It’s no longer a surprise in this day to see almost everyone with a smart-phone in Africa.

This development is greatly attributed to tremendous efforts and breakthrough in technology coupled with a free market which has led to many people having access to the Internet.

According to a report published by GSMA on Africa’s mobile economy, the number of smartphone connections across the continent almost doubled over the years, reaching 226 million and selling prices have also dropped from an average of $230 in 2012 to $160 in 2015.

It’s no doubt this immense development has brought access to knowledge in many aspects of life such as in food, culture, economics and politics.

With Internet explosion, one would argue that Africa would eloquently become informed due to availability of knowledge through this new platform. However, it’s sad to note that there has been little up take of knowledge from the Internet by many Africans.

One wonders then what Africans do on the Internet; is it browsing, chatting, researching or reading?

Due to low levels of innovation and information sharing, one would expect the African society to find more fun in reading and researching owing to a wide range of materials the Internet provides.

Some people are spotted countless hours on the Internet without any serious business. Instead of reading and researching, what most of them do is engage in endless arguing and professional trolling.

Even with the availability of e-magazines and newspapers, the vast majority of smartphone users continue to remain uninformed.

No matter how accessible things have become, African culture seems to just not to be a reading as observed from its tendency to preserve history; this poses a serious danger to the survival and perpetuation of African culture.

It must be noted though, that African strides in reading come a long way.

Firstly, during colonisation some Africans begun to imitate the missionary’s lifestyle of knowledge sharing and acquisition through reading. This however, was limited to small groups of individuals and its impact was minimal usually within families. Additionally this form of literacy was principally to use as an aid in disseminating the gospel.

The last type of reading has mostly remained in formal education of which the use is not merely for the acquisition of knowledge but entirely to remain current in the academic system and is wholly abandoned immediately formal education is over.

The saying that ‘The best way to hide something from Black people is to put it in a book,’ seems entirely true here. Many prefer being told and not finding out themselves through reading.
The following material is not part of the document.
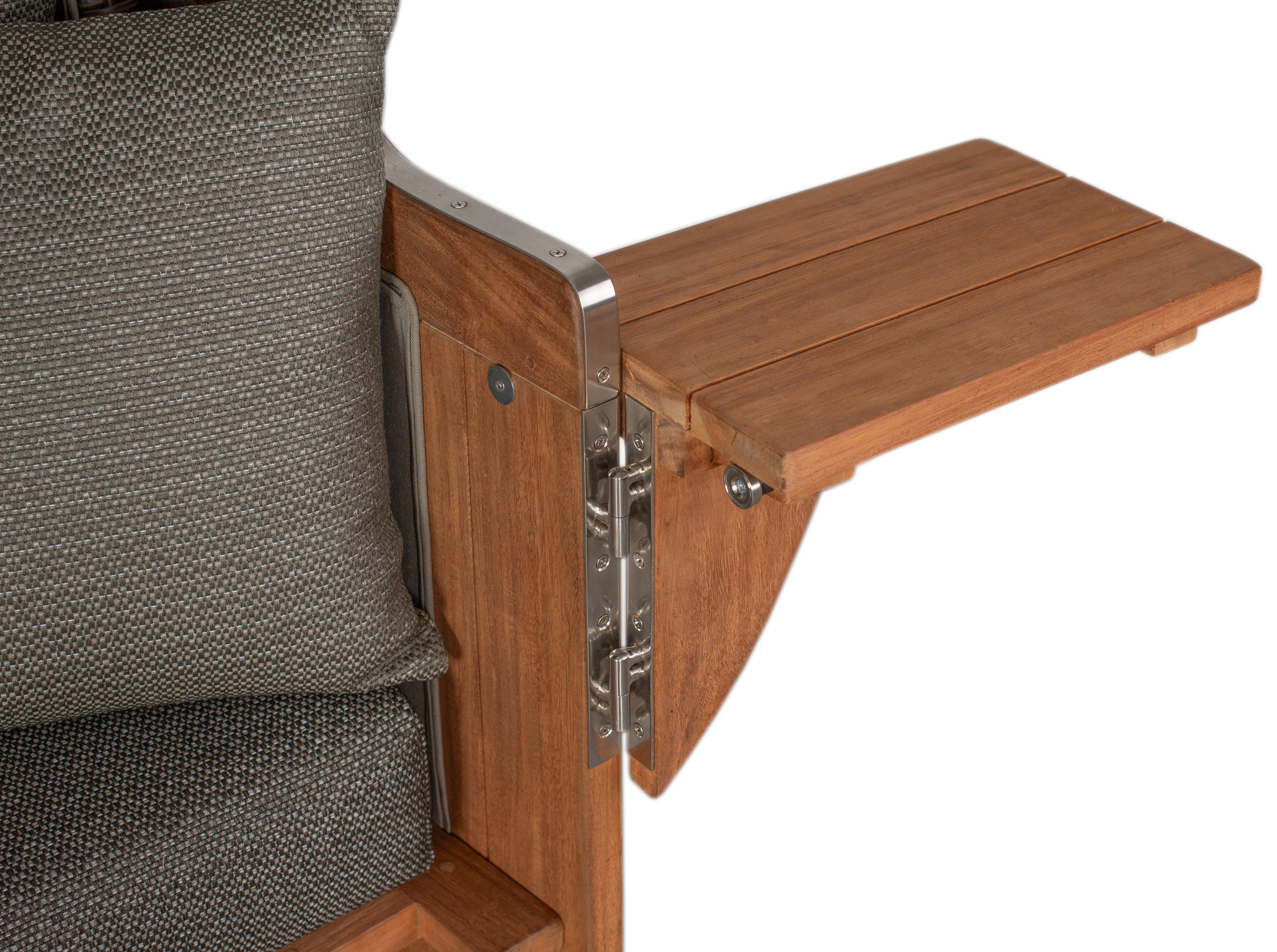Die hohe Rückenlehne ist mehrfach bis 165° verstellbar, ausziehbare Fußstützen und zwei schwenkbare Cocktailtische sorgen für entspannte Stunden zu zweit.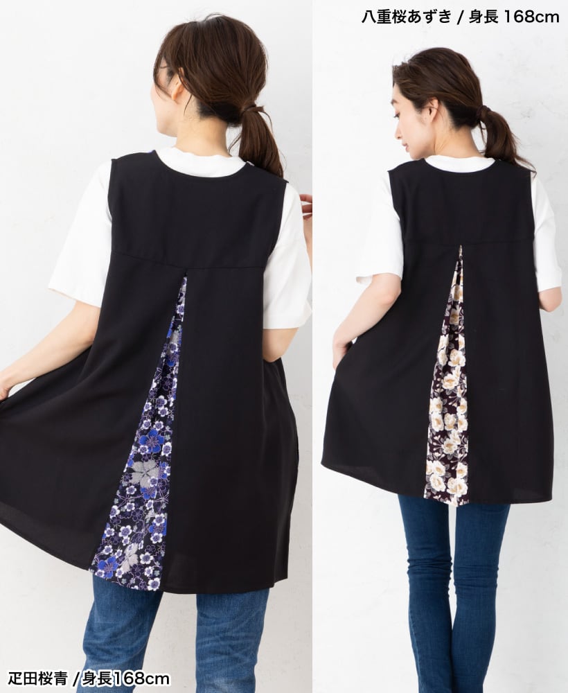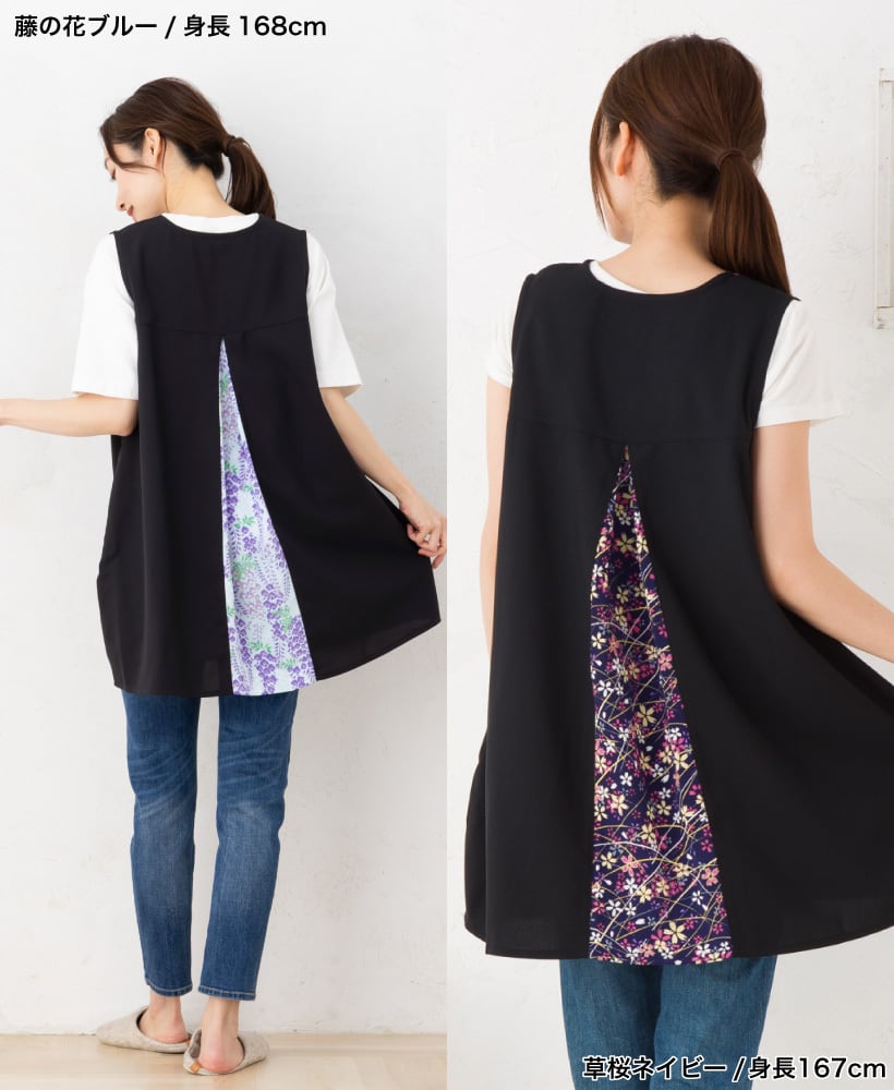 \高品質&日本製/着たままお出かけもできる、後ろからひらりとみえる上品な和柄が印象的◎な、和柄カバーエプロン。面倒な腰紐や、ボタンがないので上からかぶるだけで着用できます!。軽い・速乾性がある・シワになりにくいポリエステル生地を本体に使用し、日常的にも使いやすく、母の日のプレゼント・ギフトとしてもおすすめです。

Reading is powerful, and that’s the ultimate principle of modernisation.

A professor of literature, rhetoric, and writing said ,“The truth is that most of us read continuously in a perpetual stream of incestuous words, but instead of reading novels, book reviews, or newspapers like we used to in the ancient regime (past), we now read text messages, social media, and bite-sized entries.”

The alternative to books, internet has given people around the world a source of information.

Africa’s illiteracy is indeed rooted in its poor reading culture and not necessarily the unavailability of information.